Stunning image by NASA, courtesy of Unsplash
Prelude
If you’re feeling adventurous and want to dive straight into the code, here’s the link.
Just know — I’ll be slightly disappointed if you skip the read.
Introduction
Traditional Large Language Models (LLMs) generate content unconditionally, based on the tokens observed during training. While this can be very powerful (it is in fact, quite powerful), they often run the risk of hallucination and untraceable knowledge generation. Even the cutting-edge and smartest LLMs risk generating false information, as there’s no conditioning on the response generated other than the previous tokens already generated.
Retrieval Augmented Generation (RAG) systems on the other hand, attempt to retrieve the best documents for the query and generate a response conditioned on those documents. This restricts the hallucination to a minimum and makes retracing the sources of generated knowledge much easier, as the retrieved documents can be displayed as actual citations. This capability of RAGs makes them particularly appealing for building domain-specific systems, as they can be tailored to each domain based on the available documents.
I came across this concept during one of my master’s courses and was intrigued by the existing RAG systems. Most of them typically consist of two main components — a retriever (usually vector-based for fast, semantic search instead of plain keyword matching) to fetch relevant documents, and a generator, a language model that summarizes the retrieved content (often using large models like GPT-4 or similar). This naturally made me curious to build a system that was fully local and vendor-independent — albeit on a smaller scale. Running language models locally is, and likely will remain, computationally expensive. So I chose to work with small-sized LLMs (a relative term, of course).

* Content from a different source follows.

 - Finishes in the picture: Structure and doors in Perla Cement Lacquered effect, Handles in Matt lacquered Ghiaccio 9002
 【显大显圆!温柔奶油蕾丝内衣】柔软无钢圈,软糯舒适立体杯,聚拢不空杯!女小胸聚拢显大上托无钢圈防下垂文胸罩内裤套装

Apologies for the lengthy introduction. Since this is a deep topic, I’ve split the discussion into a multi-part series — feel free to go through them in order. In this first part, we’ll take a high-level look at how the project is structured, and in the upcoming parts, I’ll dive into each component in more detail.
System Overview
At the end of the day, I had one objective in mind — The RAG system should be completely capable of running locally, with no vendor tie-in required for any step of the process. Therefore, every component is designed as such. The following are the crucial modules that power the full system.
UI + FastAPI Server
The main interface through which the user can submit their query and the number of results they want the response to be constructed from. It is a single page, completely built from scratch with HTML, CSS and JS (with dark mode support!). The only heavy elements used are two — FeatherIcon CSS for displaying certain icons and Google Fonts for well, fonts.

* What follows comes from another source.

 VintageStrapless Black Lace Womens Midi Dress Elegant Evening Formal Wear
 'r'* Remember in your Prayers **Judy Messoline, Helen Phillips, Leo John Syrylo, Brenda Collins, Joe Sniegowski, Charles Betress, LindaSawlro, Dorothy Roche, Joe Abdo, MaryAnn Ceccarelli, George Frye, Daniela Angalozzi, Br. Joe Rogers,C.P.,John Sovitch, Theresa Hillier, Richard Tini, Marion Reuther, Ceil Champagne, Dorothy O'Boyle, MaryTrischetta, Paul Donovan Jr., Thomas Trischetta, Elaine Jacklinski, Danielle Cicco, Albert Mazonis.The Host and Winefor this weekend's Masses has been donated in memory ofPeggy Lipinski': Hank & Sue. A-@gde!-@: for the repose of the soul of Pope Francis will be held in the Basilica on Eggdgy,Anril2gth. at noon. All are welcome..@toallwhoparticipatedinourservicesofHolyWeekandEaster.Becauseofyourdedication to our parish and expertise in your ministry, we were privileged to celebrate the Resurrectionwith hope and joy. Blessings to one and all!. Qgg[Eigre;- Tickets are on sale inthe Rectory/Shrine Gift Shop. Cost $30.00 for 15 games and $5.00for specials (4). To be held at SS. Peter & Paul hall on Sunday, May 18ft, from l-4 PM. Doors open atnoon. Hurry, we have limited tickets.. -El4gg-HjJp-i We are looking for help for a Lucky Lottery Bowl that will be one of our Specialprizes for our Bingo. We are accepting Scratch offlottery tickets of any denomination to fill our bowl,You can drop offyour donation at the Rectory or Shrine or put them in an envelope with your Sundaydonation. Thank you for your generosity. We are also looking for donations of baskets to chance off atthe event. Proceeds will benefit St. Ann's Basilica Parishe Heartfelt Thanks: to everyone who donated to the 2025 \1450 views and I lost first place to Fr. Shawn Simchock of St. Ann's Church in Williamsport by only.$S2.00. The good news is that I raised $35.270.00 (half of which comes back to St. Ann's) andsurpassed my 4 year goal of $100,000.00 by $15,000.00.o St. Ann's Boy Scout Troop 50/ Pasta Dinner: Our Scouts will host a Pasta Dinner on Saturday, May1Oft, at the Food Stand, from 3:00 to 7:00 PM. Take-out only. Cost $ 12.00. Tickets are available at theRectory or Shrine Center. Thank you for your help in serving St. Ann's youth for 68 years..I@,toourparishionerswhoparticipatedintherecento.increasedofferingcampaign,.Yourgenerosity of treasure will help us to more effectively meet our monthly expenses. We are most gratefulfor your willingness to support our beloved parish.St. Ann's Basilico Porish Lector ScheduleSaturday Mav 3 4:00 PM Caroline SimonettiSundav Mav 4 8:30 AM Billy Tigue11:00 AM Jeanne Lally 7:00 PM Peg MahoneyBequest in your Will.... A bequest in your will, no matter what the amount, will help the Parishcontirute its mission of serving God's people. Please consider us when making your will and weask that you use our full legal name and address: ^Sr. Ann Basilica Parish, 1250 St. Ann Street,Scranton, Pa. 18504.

The UI is served via FastAPI, which felt like a natural choice to tie the system together. It not only hosts the web page but also handles user queries — receiving the input, forwarding it to the RAG engine, and returning the generated response back to the frontend.
Retriever
The “R” in RAG — and arguably the more critical half of the system. That’s because the quality of the final response directly hinges on the quality and relevance of the documents retrieved.
While the majority of RAG implementations focus solely on vector-based retrieval, I chose to go with a hybrid approach. Depending on the configuration (which we’ll revisit later), the system first attempts to retrieve documents from a local vector store. If the results are insufficient or if the store is disabled, it gracefully falls back to a conventional API fetch using the same query.
There’s also an option to cache API-fetched documents back into the vector store. This allows the system to “learn” over time — growing smarter and more useful with each search, as its local knowledge base gradually expands.
Generator
The “G” in RAG, this component loads one of the locally configured LLMs (as defined in the config file) and uses a prompt template, also configurable, to generate the cited summary.
I experimented with a few prompt formats, and while prompt engineering remains a work in progress, the current setup works well enough to complete the end-to-end pipeline. That, in itself, felt like a win.
Pit Stop
To keep things short and hopefully not boring, we’ll pause here. In the next part, I’ll dive into the technical design decisions that shape this system. And after that, I’ll walk through how it all comes together — running live, end-to-end, in a cloud environment.